Table 4 further compares model complexity and performance. The proposed model uses only 2550 parameters and has a size of 15.51 KB, both lower than those of the two baselines. Its FLOPs are 35.346 k, higher than Entropy + BPNN but much lower than CWT + CNN. Its inference time is 0.0004 s, slightly higher than Entropy + BPNN but far lower than CWT + CNN at 0.6220 s. Overall, the proposed model provides high diagnostic stability and low model overhead on the HUST dataset.
5. Conclusion
This study develops a diagnostic framework for heavy-haul railway wheel–rail contact friction-state recognition by integrating GWO-VMD, multi-domain entropy features, and an attention-enhanced lightweight network. The main conclusions are as follows. (1) A signal representation procedure combining offline parameter optimization and online feature extraction is established. GWO determines the VMD parameters offline, while fixed parameters are used online for wheel–rail acoustic signal decomposition and ATDE/FDE feature extraction. ATDE describes time-domain complexity, and FDE describes frequency-domain energy distribution. The CBAM-enhanced lightweight 1D-CNN enables adaptive feature weighting and fast classification. (2) On the wheel–rail dataset, the proposed method achieves a favorable balance among accuracy, stability, and model overhead. It reaches 99.88% test accuracy in the four-stage wear classification task and maintains high performance under different SNRs, indicating good stability and noise robustness. Compared with time–frequency image-based models, the classifier reduces forward inference time by about 99.74% while maintaining 99.88% accuracy, with only 13,848 parameters. These results support low-latency wheel–rail wear classification under resource constraints. (3) Validation on the public HUST bearing dataset further suggests applicability to different mechanical diagnostic tasks. In the five-class task, the method achieves 99.70% mean accuracy over ten runs, a maximum accuracy of 100%, a model size of 15.51 KB, and a classifier forward inference time of 0.0004 s. Overall, the method offers a low-overhead solution for periodic wheel–rail wear-state monitoring, although further validation under more complex load, speed, and environmental conditions is required.
Footnotes
Funding
The authors disclosed receipt of the following financial support for the research, authorship, and/or publication of this article: This work was supported by the National Natural Science Foundation of China (Grant No 52567002 and 62571424) and the Ganpo Juncai Support Program, Jiangxi (Grant No 20243BCE51071).
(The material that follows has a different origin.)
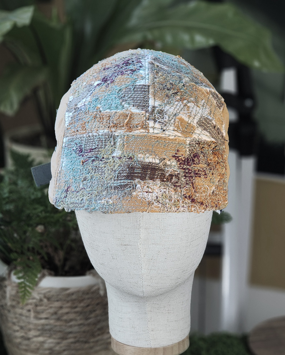 브라운 골덴 챙은 기댈 수 있는 따뜻한 안식처를, 몸통의 다채로운 실 뭉치들은 가장 소중한 순간들이 모인 색동 천 조각을 표현하고 싶었어요.
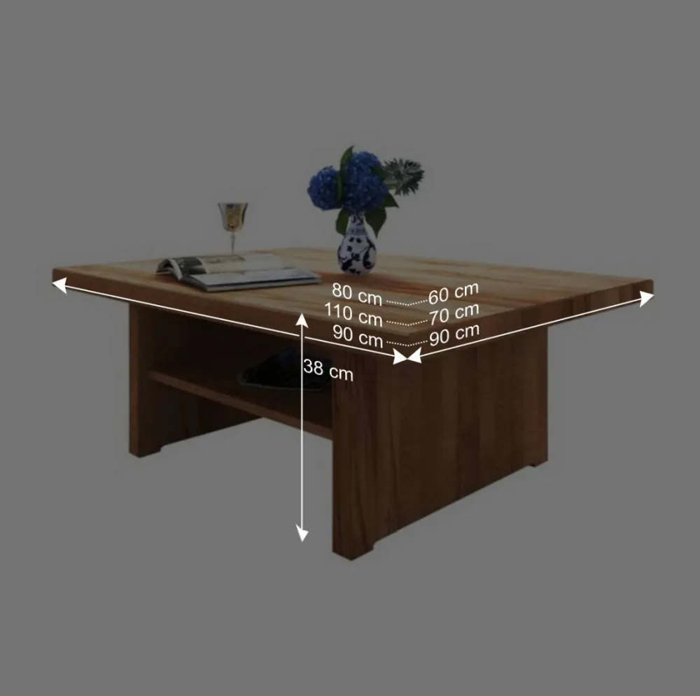 Der Wohnzimmertisch „Salomonia“ bietet Ihnen Flexibilität in den Maßen: Wählen Sie zwischen einer Breite von 80 cm, 90 cm oder 110 cm und einer Tiefe von 60 cm, 70 cm oder 90 cm. Mit einer Höhe von 38 cm passt er sich perfekt jeder Wohnzimmerumgebung an. Die rechteckige bzw. quadratische Tischform und die starke, ca. 40 mm dicke Tischplatte bieten ausreichend Platz für Ihre Wohnzimmerutensilien. Zusätzlichen Stauraum bietet die praktische Ablagefläche unter der Tischplatte.

Declaration of conflicting interests
The authors declared no potential conflicts of interest with respect to the research, authorship, and/or publication of this article.
Data Availability Statement
Mingxue Shen will handle all correspondence at all stages of refereeing, publication, and post-publication. The corresponding author is responsible for any future queries related to the methodology, data, and results of this study. The provided email address is valid and will be kept up to date throughout the process.